Hi again, I’m still working my way through the doc...
# announcements
p
Hi again, I’m still working my way through the documentation and code base. Let’s say I have some data in Postgres (in RDS) and want to export this to S3, to ingest via Redshift. Is this an appropriate use case? Would I use the dagster libraries for this, or should I be coding the export, copy, import steps from scratch?
p
dagster-postgres
has postgres-backed implementations of dagster’s internal run storage and event storage, but might also have some utility code for setting up a connection to the postgres db if you need that.
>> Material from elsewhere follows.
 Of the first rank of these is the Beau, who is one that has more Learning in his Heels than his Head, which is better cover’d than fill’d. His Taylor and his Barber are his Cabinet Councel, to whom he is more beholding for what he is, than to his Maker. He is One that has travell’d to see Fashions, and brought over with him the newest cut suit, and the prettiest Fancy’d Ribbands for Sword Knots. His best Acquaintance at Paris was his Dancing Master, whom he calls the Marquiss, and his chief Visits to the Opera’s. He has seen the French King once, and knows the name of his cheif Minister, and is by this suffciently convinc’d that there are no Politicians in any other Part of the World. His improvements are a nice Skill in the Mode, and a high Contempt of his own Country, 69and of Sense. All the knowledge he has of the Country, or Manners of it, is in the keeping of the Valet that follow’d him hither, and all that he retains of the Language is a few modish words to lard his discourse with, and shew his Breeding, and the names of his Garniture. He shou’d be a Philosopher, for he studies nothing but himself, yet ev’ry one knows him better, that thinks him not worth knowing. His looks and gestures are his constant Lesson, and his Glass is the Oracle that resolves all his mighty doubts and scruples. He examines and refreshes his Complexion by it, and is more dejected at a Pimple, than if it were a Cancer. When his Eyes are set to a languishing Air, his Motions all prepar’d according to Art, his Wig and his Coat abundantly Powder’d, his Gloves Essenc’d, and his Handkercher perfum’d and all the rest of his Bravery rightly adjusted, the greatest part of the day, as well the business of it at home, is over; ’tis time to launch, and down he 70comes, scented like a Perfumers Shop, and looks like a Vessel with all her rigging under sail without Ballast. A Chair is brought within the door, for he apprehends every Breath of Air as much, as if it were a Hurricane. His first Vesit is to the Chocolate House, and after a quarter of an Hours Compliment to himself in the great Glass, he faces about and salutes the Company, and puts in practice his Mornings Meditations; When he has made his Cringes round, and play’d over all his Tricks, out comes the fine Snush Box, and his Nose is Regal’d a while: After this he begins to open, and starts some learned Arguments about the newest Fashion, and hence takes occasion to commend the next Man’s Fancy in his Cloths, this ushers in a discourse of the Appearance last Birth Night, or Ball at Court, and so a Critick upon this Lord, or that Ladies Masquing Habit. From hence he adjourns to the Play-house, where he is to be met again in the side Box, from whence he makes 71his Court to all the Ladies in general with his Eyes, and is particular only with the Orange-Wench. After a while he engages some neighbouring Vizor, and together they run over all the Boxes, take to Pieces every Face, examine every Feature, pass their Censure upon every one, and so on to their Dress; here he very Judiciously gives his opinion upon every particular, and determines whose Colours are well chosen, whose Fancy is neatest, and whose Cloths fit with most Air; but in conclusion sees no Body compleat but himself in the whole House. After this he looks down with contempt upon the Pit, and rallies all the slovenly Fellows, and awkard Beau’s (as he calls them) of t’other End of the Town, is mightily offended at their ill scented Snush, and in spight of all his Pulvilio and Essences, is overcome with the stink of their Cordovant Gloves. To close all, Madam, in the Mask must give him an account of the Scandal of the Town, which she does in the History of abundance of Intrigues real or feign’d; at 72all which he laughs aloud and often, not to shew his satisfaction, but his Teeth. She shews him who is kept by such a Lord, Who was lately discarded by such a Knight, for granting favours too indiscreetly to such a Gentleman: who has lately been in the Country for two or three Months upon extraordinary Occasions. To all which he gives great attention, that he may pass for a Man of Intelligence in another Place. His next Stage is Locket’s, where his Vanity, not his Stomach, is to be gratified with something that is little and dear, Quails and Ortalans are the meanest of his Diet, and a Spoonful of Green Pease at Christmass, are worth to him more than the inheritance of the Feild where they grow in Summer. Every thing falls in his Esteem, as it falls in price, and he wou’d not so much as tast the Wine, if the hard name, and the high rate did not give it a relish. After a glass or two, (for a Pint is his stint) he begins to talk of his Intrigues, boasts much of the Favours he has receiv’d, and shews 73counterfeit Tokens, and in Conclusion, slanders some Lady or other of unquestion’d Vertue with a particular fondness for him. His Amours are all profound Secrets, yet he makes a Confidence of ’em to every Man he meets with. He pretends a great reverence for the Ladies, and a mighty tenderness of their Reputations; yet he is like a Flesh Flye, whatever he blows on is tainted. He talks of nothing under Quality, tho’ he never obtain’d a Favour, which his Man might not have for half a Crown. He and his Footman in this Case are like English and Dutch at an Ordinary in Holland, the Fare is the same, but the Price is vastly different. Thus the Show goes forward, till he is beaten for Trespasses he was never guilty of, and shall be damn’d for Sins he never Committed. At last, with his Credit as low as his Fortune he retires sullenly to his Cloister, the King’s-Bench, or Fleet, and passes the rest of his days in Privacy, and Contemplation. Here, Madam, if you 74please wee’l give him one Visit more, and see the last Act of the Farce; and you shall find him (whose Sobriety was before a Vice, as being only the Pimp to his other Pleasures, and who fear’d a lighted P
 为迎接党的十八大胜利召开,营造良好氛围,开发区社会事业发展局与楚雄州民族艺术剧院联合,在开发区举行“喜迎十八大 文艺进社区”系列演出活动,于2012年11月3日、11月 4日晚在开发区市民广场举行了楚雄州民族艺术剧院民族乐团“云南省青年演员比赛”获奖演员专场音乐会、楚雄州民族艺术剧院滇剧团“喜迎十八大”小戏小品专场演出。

It does not have any solids that encapsulates reading from the db however (probably the output type would be data-dependent).
dagster-aws
does define an
s3
resource that would be useful for uploading to an S3 bucket… It is a thin wrapper around the
boto
package.
You might want to look at the
airline_demo
here: https://docs.dagster.io/latest/learn/demos/airline_demo
It explicitly has connections to a postgres and Redshift database as a resource, and also uses s3 as a storage mechanism for some raw data files.
p
gotcha. would dagster still be the appropriate solution for the extract from postgres to s3 then, or should that be offloaded to different tooling? just trying to wrap my head around the ecosystem
i think in the airline example, it presumes the files are already in S3, not sure if thats the recommended starting point
m
if you have the option of modeling it as a solid within dagster, i would do that
p
cool, i’ll give it a shot! thank you.
👍 2
m
the airline demo starts with downloading from an internet source and uploading copies to s3
t
I'm currently using a bash solid to run a bash script that runs https://github.com/rongfengliang/tap-minio-csv and https://pypi.org/project/target-parquet/
I then load BigQuery with the Parquet file and then save a copy of the Parquet file in in GCS.